Can we get Dell to send a new one and re-create the RAID?

Update from T222731#5187356
Looks like replacing a disk wasn't enough and now the server is reporting multiple disks failures.
Maybe broken RAID controller or maybe broken main board. Needs follow up with the vendor.

Event Timeline

@Cmjohnson So I saw this on the idrac:

/admin1/system1/logs1/log1-> show record44

	properties
		CreationTimestamp = 20190507090745.000000-300
		ElementName = System Event Log Entry
		RecordData = Drive 2 in disk drive bay 1 is operating normally.
		RecordFormat = string Description
		RecordID = 43

Even though it said failed on the RAID as shown at T222731#5169505, I forced the disk to be online and started an installation. But it crashed again:

/admin1/system1/logs1/log1-> show record45

	properties
		CreationTimestamp = 20190507092932.000000-300
		ElementName = System Event Log Entry
		RecordData = Fault detected on drive 2 in disk drive bay 1.
		RecordFormat = string Description
		RecordID = 44
	associations

This disk needs replacement

new disk ordered You have successfully submitted request SR990443425.

Update from Chris after replacing the disk: there is a bigger issue now....now all but 1 disk is reporting bad including the newly replaced disk. this will required more work

Marostegui renamed this task from Bad disk on new host db1133 to Storage problems with new host db1133.May 20 2019, 8:03 AM
Marostegui updated the task description. (Show Details)

This host can be taken down for debugging anytime without heads up to the DBAs - it doesn't even have an OS

@Marostegui - Chris is out on vacation this week, so I'll follow up with him when he's back on Tuesday. ~Willy

Thank you!
We still have 3 more hosts to keeps us busy with, but as this probably involves getting pieces replaced...it might take a sometime to get them delivered

Update on this server.
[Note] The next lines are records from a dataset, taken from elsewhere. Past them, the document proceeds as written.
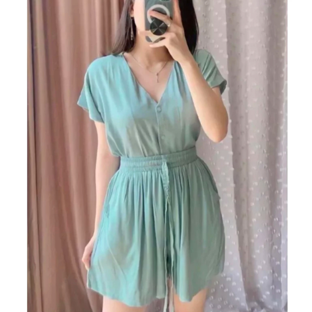 Babydoll Baju Wanita One Set Piyama Setelan Tidur Atasan Lengan Pendek dan Celana Pendek Bahan Katun
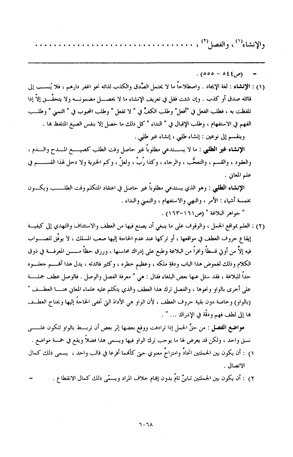 (¬2) العلم بمواقع الجمل, والوقوف على ما ينبغي أن يصنع فيها من العطف والاستئناف والتهدي إلى كيفية إيقاع حروف العطف في مواقعها, أو تركها عند عدم الحاجة إليها صعب المسلك, لا يوفَّق للصواب فيه إلاَّ من أوتي قسطًا وافرًا من البلاغة وطبع على إدراك محاسنها, ورزق حظًا من المعرفة في ذوق الكلام وذلك لغموض هذا الباب ودقة ملكه. وعظيم خطره, وكثير فائدته, يدل هذا أنهم جعلوه حدًا للبلاغة, فقد سئل عنها بعض البلغاء فقال: هى (معرفة الفصل والوصل. فالوصل عطف جملة على أخرى بالواو ونحوها, والفصل تركك هذا العطف والذي يتكلم عنه علماء المعاني هنا العطف (بالواو) وخاصة دون بقية حروف العطف, لأن الواو هى الأداة التي تخفى الحاجةُ إليها ويحتاج العطف بها إلى لطف فهم ودقّة في الإدراك ... ).
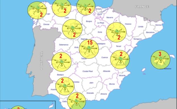 Así, a tenor de dicho mapa, durante el mes de agosto habrá dos drones en Galicia, dos en Asturias, dos en Cantabria, dos en Castilla y León, dos en Aragón, 15 en la Comunidad de Madrid y provincias aledañas, como Toledo, Guadalajara, Segovia, Ávila y Cuenca; dos en Extremadura, dos en la Comunidad Valenciana, dos entre las provincias de Málaga y Cádiz, dos entre las provincias de Huelva y Sevilla, tres en las Islas Baleares y otros tres en las Islas Canarias.

I have updated all of the f/w including the raid card. I am able to isolate the problem to slot 0 right now. I moved the disks around and they do not report any errors only the slot. I have blown out the raid several times and re-configured but the error keeps coming back. I have reseated the raid card as well.

Next step is Dell

Thanks for the heads up!
Let's see what Dell says

You have successfully submitted request SR991779294.
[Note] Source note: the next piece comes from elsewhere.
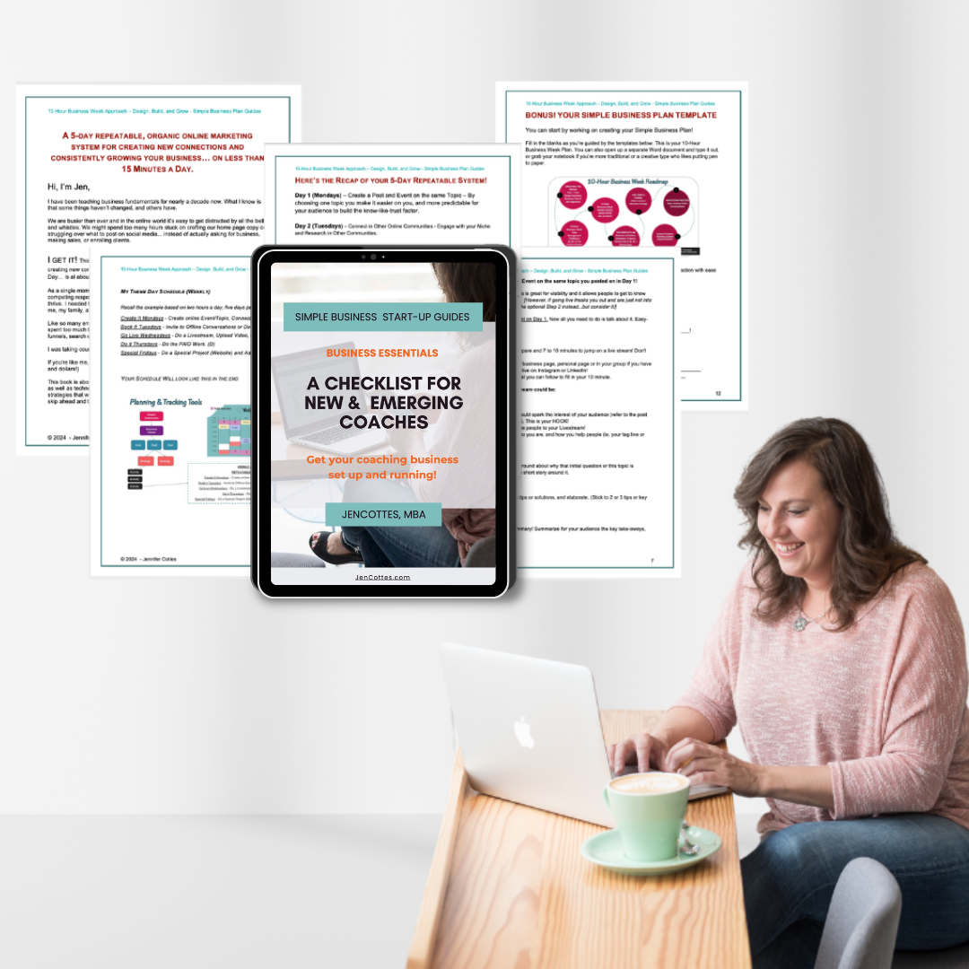 The Business Essentials Checklist for New & Emerging Coaches and get your 10-Hour Business Week Planning Template.

they declined my ticket...says I didn't isolate the problem well enough.

Is there anything I can do from my side to help on that?

Dell is sending me a new Raid card, cables and backplane. Sorry, it took so long, I had to call them after they denied my second request.
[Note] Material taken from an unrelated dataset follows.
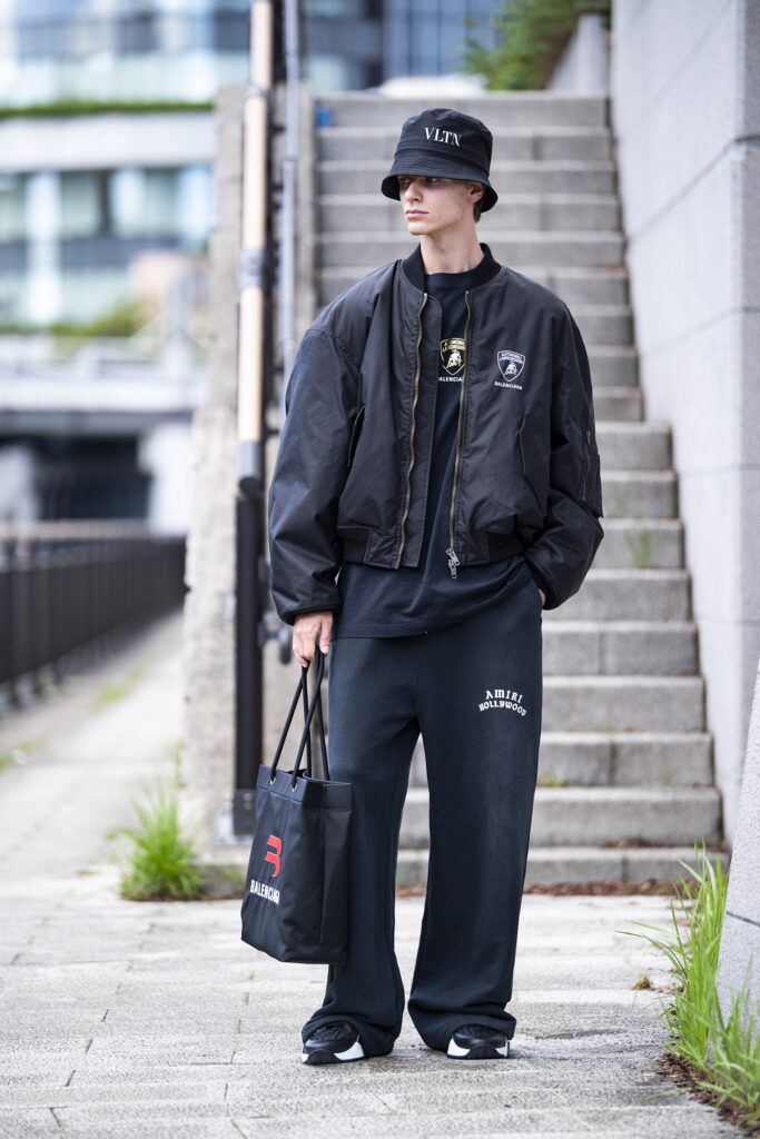 休日くらいは身体を締めつけない服が着たい。けれど、部屋着では気分が上がらない……。そんな時こそ選びたいのがバレンシアガ。ただのオーバーサイズではない計算されたシルエットが光ります。ランボルギーニとのコラボアイテムは、大人の遊び心をくすぐる逸品。クルマ好きなら一目でわかるそのロゴは、自己主張し過ぎずに“粋”を感じさせます。裾が広がるスウェットパンツで力の抜けた雰囲気に。リラックスと洒落感、その両方を叶えてくれる休日服なのです。

I have re-imaged the host after Chris did it yesterday and everything looks good: RAID, memory, CPUS...

root@db1133:~# megacli -LdPdInfo -a0

Adapter #0

Number of Virtual Disks: 1
Virtual Drive: 0 (Target Id: 0)
Name                :
RAID Level          : Primary-1, Secondary-0, RAID Level Qualifier-0
Size                : 4.364 TB
Sector Size         : 512
Is VD emulated      : Yes
Mirror Data         : 4.364 TB
State               : Optimal
Strip Size          : 256 KB
Number Of Drives    : 6
Span Depth          : 1
Default Cache Policy: WriteBack, ReadAhead, Direct, No Write Cache if Bad BBU
Current Cache Policy: WriteBack, ReadAhead, Direct, No Write Cache if Bad BBU
Default Access Policy: Read/Write
Current Access Policy: Read/Write
Disk Cache Policy   : Disk's Default
Encryption Type     : None
Default Power Savings Policy: Controller Defined
Current Power Savings Policy: None
Can spin up in 1 minute: No
LD has drives that support T10 power conditions: No
LD's IO profile supports MAX power savings with cached writes: No
Bad Blocks Exist: No
Is VD Cached: No
Number of Spans: 1
Span: 0 - Number of PDs: 6


root@db1133:~# megacli -LdPdInfo -a0 | grep state
Firmware state: Online, Spun Up
Firmware state: Online, Spun Up
Firmware state: Online, Spun Up
Firmware state: Online, Spun Up
Firmware state: Online, Spun Up
Firmware state: Online, Spun Up
root@db1133:~# megacli -LdPdInfo -a0 | grep state | wc -l
6

root@db1133:~# megacli -LdPdInfo -a0 | grep -i Raw
Raw Size: 1.746 TB [0xdf8fe2b0 Sectors]
Raw Size: 1.455 TB [0xba4d4ab0 Sectors]
Raw Size: 1.455 TB [0xba4d4ab0 Sectors]
Raw Size: 1.455 TB [0xba4d4ab0 Sectors]
Raw Size: 1.455 TB [0xba4d4ab0 Sectors]
Raw Size: 1.455 TB [0xba4d4ab0 Sectors]

Thank you @Cmjohnson for painful host fixed!